David Smith [Fri, 20 Oct 2017 19:52:06 +0000 (14:52 -0500)]
The web server now gives a better error message on an unsupported request.
* httpd/backends.cxx: Provide a new "default" backend, which just returns
a reasonable error message (that this server cannot support the request).
* httpd/api.cxx (module_build): Improved error message.
Frank Ch. Eigler [Fri, 20 Oct 2017 14:01:58 +0000 (10:01 -0400)]
rhbz1504009: let dtrace -G -o /dev/null run, as in autoconf
commit c245153ca193c471a8c broke the ability of dtrace to be tested in
autoconf "-G -o /dev/null" usage, because its output file name was too
simple a function of the input name, and normal users can't write to
/dev/null.dtrace-temp.c . Now we back down to mkstemp, like before,
upon a failure of the simple concatenated name.
David Smith [Thu, 19 Oct 2017 18:24:06 +0000 (13:24 -0500)]
Improve web service startup a bit.
* client-http.cxx (http_client::download): If verbose is >= 4, set the
VERBOSE curl option so that all packets are dumped.

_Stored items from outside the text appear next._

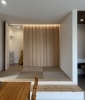 外観だけでなく、室内にも取り入れたルーバーデザインが特徴的なリビングルーム。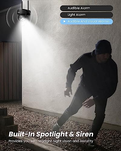 【Super color night vision】The camera surveillance exterieur has two color night vision configurations. When you turn on the “color image function” of night vision mode, you can get color images and videos all day. When you only turn on “audible and visual alarm” in the alarm setting, the security camera outdoor will only capture color night vision images when the alarm is issued. Therefore, the camera can capture more details at night.
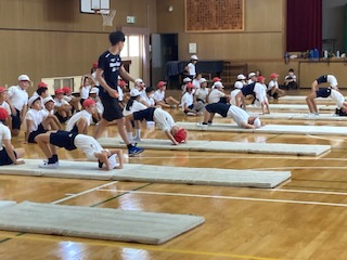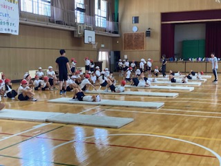合同でマット運動をしました。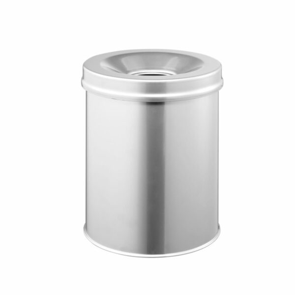 Okrągły kosz na śmieci z samo-gaszącą ogień pokrywą. Specjalna samo-gasząca ogień pokrywa odcina dopływ tlenu do kosza i tym samym stopniowo gasi płomienie. Wykonany z metalu, pokryty odporną na zadrapania powłoką epoksydową. Objętość: 15 l Wymiary: 357 x 260 mm. Kolor: srebrny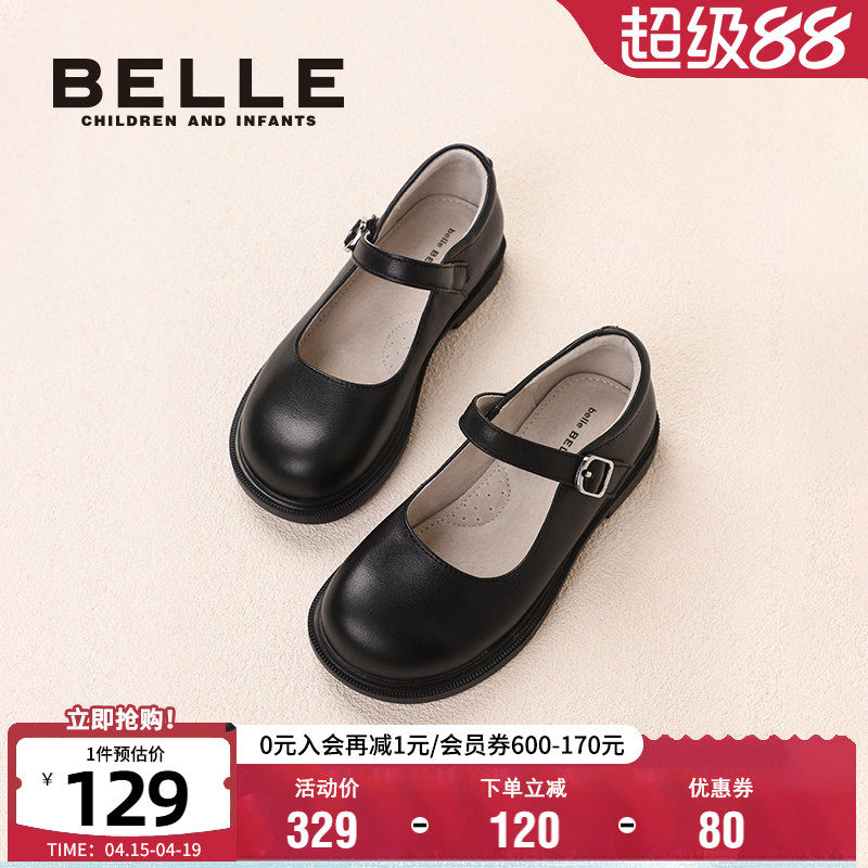 百丽童鞋女童黑皮鞋学生校园表演鞋春季新款儿童时尚单鞋宝宝软底

(http_client_backend::find_and_connect_to_server): Instead of trying to
GET the /builds directory (which isn't implemented), grab the base
server directory.
* httpd/server.cxx (server::server): Add a base directory request
handler.
* httpd/server.h: Move 'class server' constructor into server.cxx.
David Smith [Thu, 19 Oct 2017 18:19:04 +0000 (13:19 -0500)]
Add string trim utility functions.
* util.cxx (ltrim): New function.
(rtrim): Ditto.
(trim): Ditto.
(get_distro_info): Trim 'name' and 'version' items.
* util.h: Add trim function declarations.
* tapset-mark.cxx (mark_builder::build): Use new trim functions.
* tapsets.cxx (dwarf_builder::build): Ditto.
David Smith [Mon, 16 Oct 2017 20:30:52 +0000 (15:30 -0500)]
Fix PR22278 by fixing server breakage caused by commit 586c8666a.
* csclient.cxx (create_request): Let the backend add the argument in
include_file_or_directory().
* testsuite/systemtap.server/server.exp: Add 3 simple tests: a filename, a
"-L", and a "-I tapset -e SCRIPT".
* testsuite/lib/systemtap.exp (stap_run_batch): If the "filename" argument
is empty, assume this stap command line doesn't need a file.